Binary I/O Classes

paulike

Paul Ngugi

Posted on July 1, 2024

Binary I/O Classes

The abstract InputStream is the root class for reading binary data, and the abstract OutputStream is the root class for writing binary data. The design of the Java I/O classes is a good example of applying inheritance, where common operations are generalized in superclasses, and subclasses provide specialized operations.

Image description

Figure above lists some of the classes for performing binary I/O. InputStream is the root for binary input classes, and OutputStream is the root for binary output classes. Figures below list all the methods in the classes InputStream and OutputStream. All the methods in the binary I/O classes are declared to throw java.io.IOException or a subclass of java.io.IOException.

Image description

Image description

FileInputStream/FileOutputStream

FileInputStream/FileOutputStream is for reading/writing bytes from/to files. All the methods in these classes are inherited from InputStream and OutputStream. FileInputStream/FileOutputStream does not introduce new methods. To construct a FileInputStream, use the constructors shown in Figure below.

Image description

A java.io.FileNotFoundException will occur if you attempt to create a
FileInputStream with a nonexistent file.

To construct a FileOutputStream, use the constructors shown in Figure below.

Image description

If the file does not exist, a new file will be created. If the file already exists, the first two constructors will delete the current content of the file. To retain the current content and append new data into the file, use the last two constructors and pass true to the append parameter.

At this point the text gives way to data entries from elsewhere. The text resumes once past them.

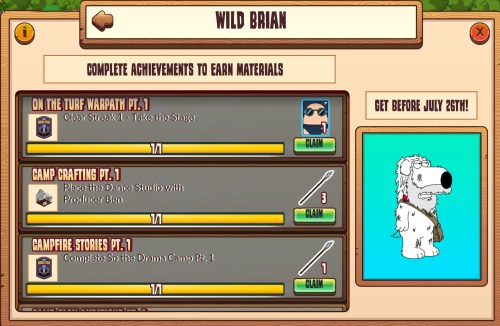 6. I finished brians costume and what a joke! No Questline! Literally a useless costume with no drop jobs. Ugh. Plus my whole Quahog is land locked with no space for buildings now. Need land upgrades like tapped out.
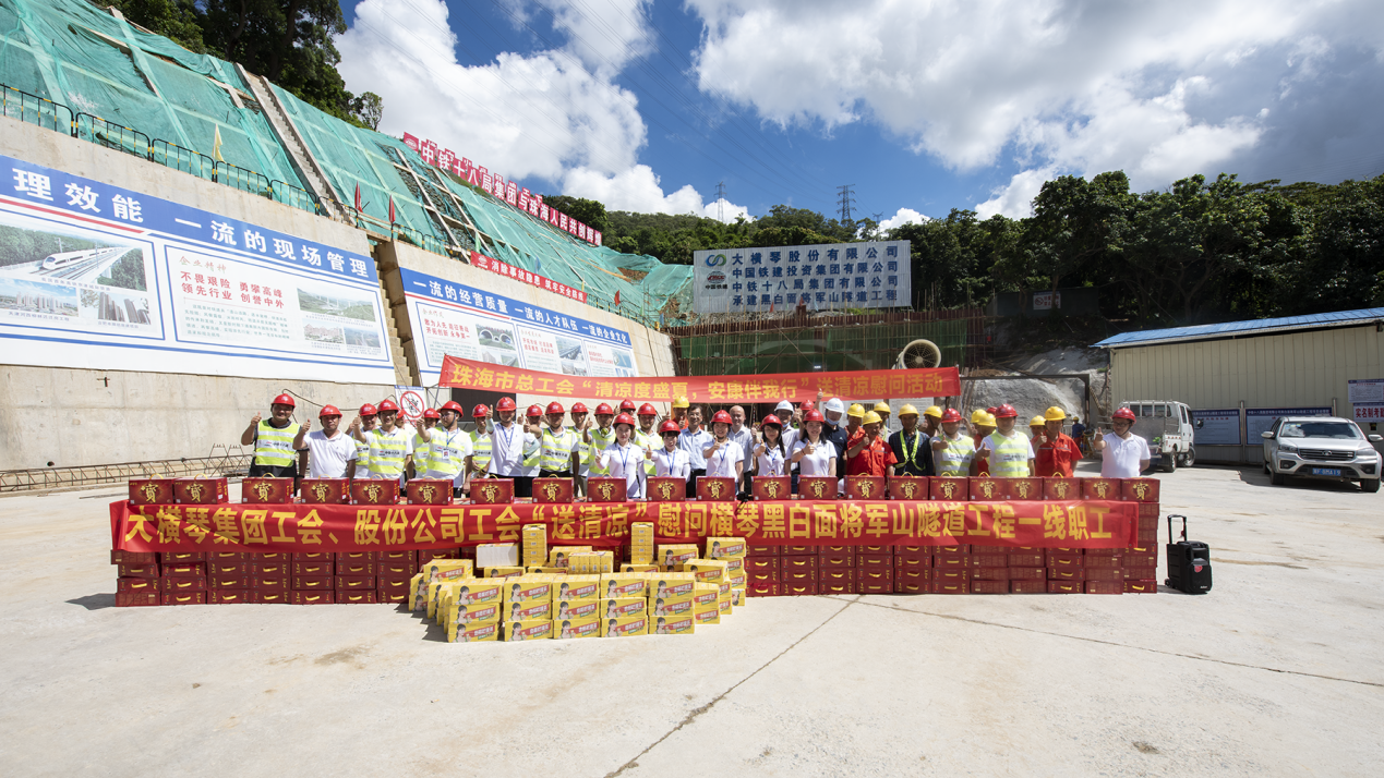 7月23日上午,横琴新区总工会副主席、大横琴集团党委书记、工会主席田伟带队赴横琴先进智能计算平台项目及横琴黑白面将军山隧道工程项目开展夏日送清凉慰问活动。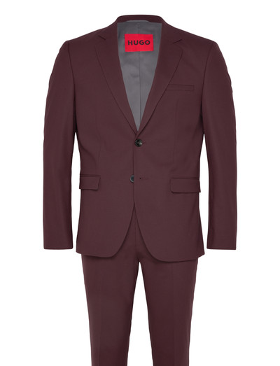 Denna kostym är skapad för en strömlinjeformad silhuett och har en nästlad design med extra smal passform. Kavajen är helfodrad och har hackade slag, fickor med lock, en bröstficka med passpoal och en tvåknäppning, medan byxorna har hake och dragkedja, sidfickor och en passpoalficka bak.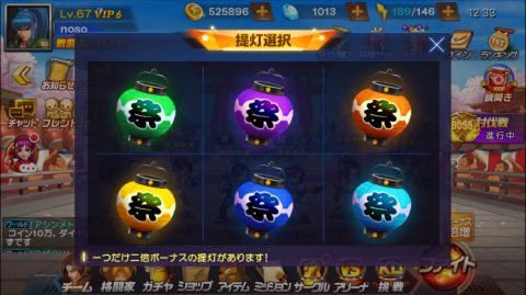 中には1つだけ報酬が2倍もらえる提灯もあり、2倍になる提灯の色は日毎に決まっています。

Almost all the methods in the I/O classes throw java.io.IOException. Therefore, you have to declare to throw java.io.IOException in the method or place the code in a try-catch block, as shown below:

Image description

The code below uses binary I/O to write ten byte values from 1 to 10 to a file named temp.dat and reads them back from the file.

Image description

The program uses the try-with-resources to declare and create input and output streams so that they will be automatically closed after they are used. The java.io.InputStream and java.io.OutputStream classes implement the AutoClosable interface. The AutoClosable interface defines the close() method that closes a resource. Any object of the AutoClosable type can be used with the try-with-resources syntax for automatic closing.

A FileOutputStream is created for the file temp.dat in line 8. The for loop writes ten byte values into the file (lines 11–12). Invoking write(i) is the same as invoking write((byte)i). Line 17 creates a FileInputStream for the file temp.dat. Values are read from the file and displayed on the console in lines 20–22. The expression ((value = input.read()) != -1) (line 21) reads a byte from input.read(), assigns it to value, and checks whether it is –1. The input value of –1 signifies the end of a file.

The file temp.dat created in this example is a binary file. It can be read from a Java program but not from a text editor.

When a stream is no longer needed, always close it using the close() method or automatically close it using a try-with-resource statement. Not closing streams may cause data corruption in the output file, or other programming errors.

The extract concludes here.